So we can drop those in, we can drop the forts in, we can drop Nettleston Fort on the Isle of Wight in there, and we can make estimates about the positions of the French and the English ships. So those are the English ships from the Cowdray Engraving, those are the French ships, those are the advanced galleys from the French fleet coming in to attack the English. And we can make sure that they’re spread out reasonably, so I’ve created 200 meter buffers around each ship to allow each ship enough room to be able to swing on its anchor gable as the tide turns, and so on, because they’d need to do that to ensure that they didn’t bump into one another.

Then we can add in the bathymetry, and we can start to see how all this fits together. So what we have here are the shallow areas round here; most of the English fleet is in quite deep water, out in the middle of the Solent there. The Mary Rose is in a very shallow place there and it gets shallower as you head off in the direction she was travelling when she sank, she was going this way, heading up northwards.

Those are the advanced party of French galleys, and they’re located at this point here, and in fact it’s been known as ‘No Man’s Land’ on every chart of the Solent that I have ever seen. And look at it: No Man’s Land, English fleet, French fleet—halfway between the two. It’s a sandbank, and there’s Palmerston Fort on the site now. It’s very shallow, you could not sail one of the large English ships across that area. So the French galleys actually could sit there quite happily, knowing that they couldn’t be attacked by the English. Other than fire from Nettleston Fort on the Isle of Wight coming out this way they were in a fairly good position to sit there.

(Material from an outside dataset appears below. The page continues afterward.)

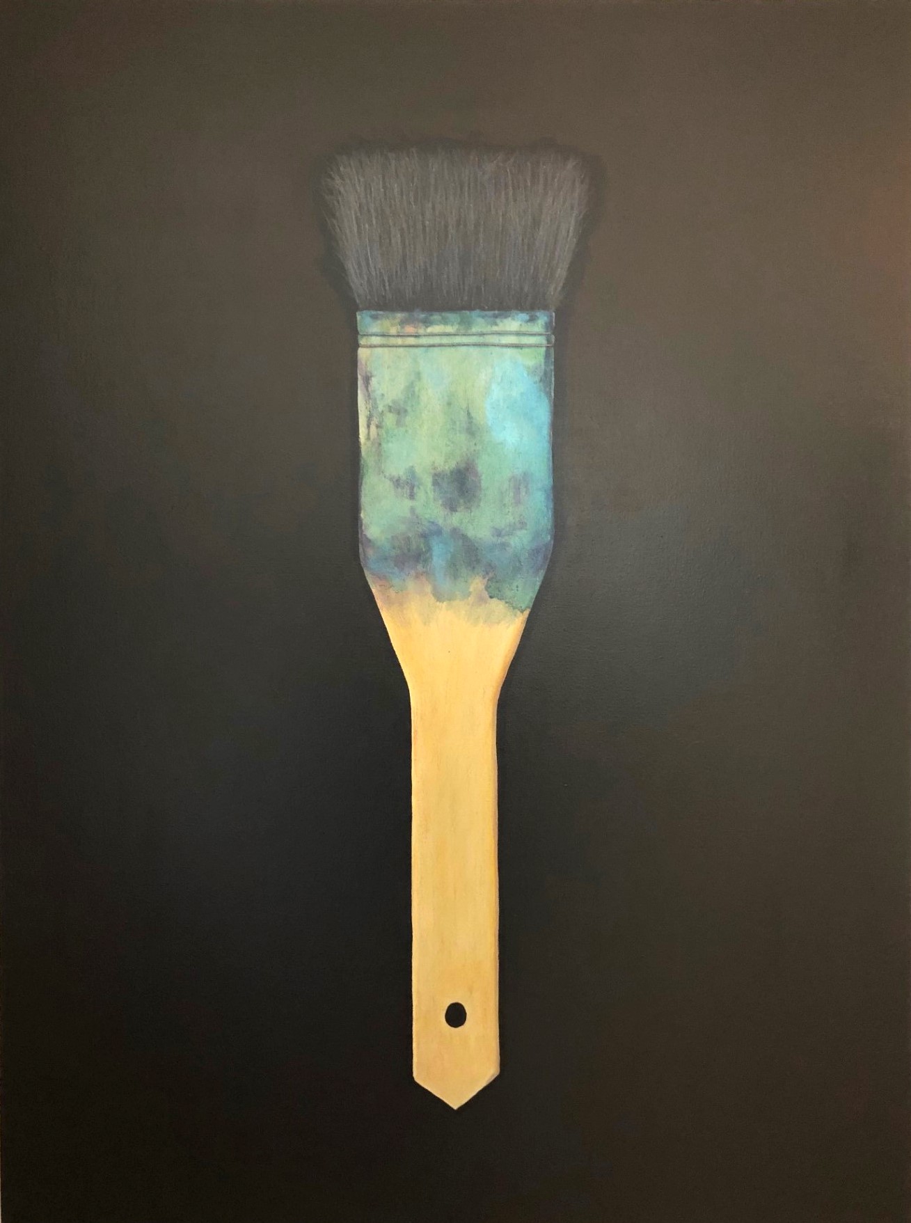 Michelle Nixon’s meticulous rendering of texture and tone imbues the painting with a quiet reverence, elevating the everyday tool into a symbol of artistic devotion. The contrast between the luminous wooden handle and the shadowy void surrounding it invites reflection on the act of creation itself—where ideas emerge from darkness and take form through the artist’s hand.

Now we can tell other things about the seabed and about the configuration of the entrance to Portsmouth Harbour, particularly from this chart [shows image] which is the oldest one in the UK Hydrographic Office collection. It’s undated, and it’s difficult to date exactly, but we’ve got it as somewhere between 1586 and 1620. My guess is it’s about 1590, possibly 1588, and you can see down here that it indeed shows the seabed configuration on the entrance into Portsmouth Harbour.

And you’ve got a narrow channel that goes up through here into the harbour; that’s the town of Portsmouth, there’s Gosport, that’s the Royal Dock – the dockyard – up there. And again we can play around with modern mapping, drop in a modern coastline, and you can see it fits jolly well really [shows image] apart from where the dockyard was extended in the Victorian period, up there but it’s generally pretty good. And indeed when we look at the configuration of the seabed, here, there’s a channel marked here called The Swashway, and that’s used every hour of the day by the Isle of Wight ferries travelling backwards and forwards between Portsmouth and the Isle of Wight. And we can stick some modern bathymetric contours on there, and you can see it fits perfectly. Again, mapping of really very high order for Tudor England.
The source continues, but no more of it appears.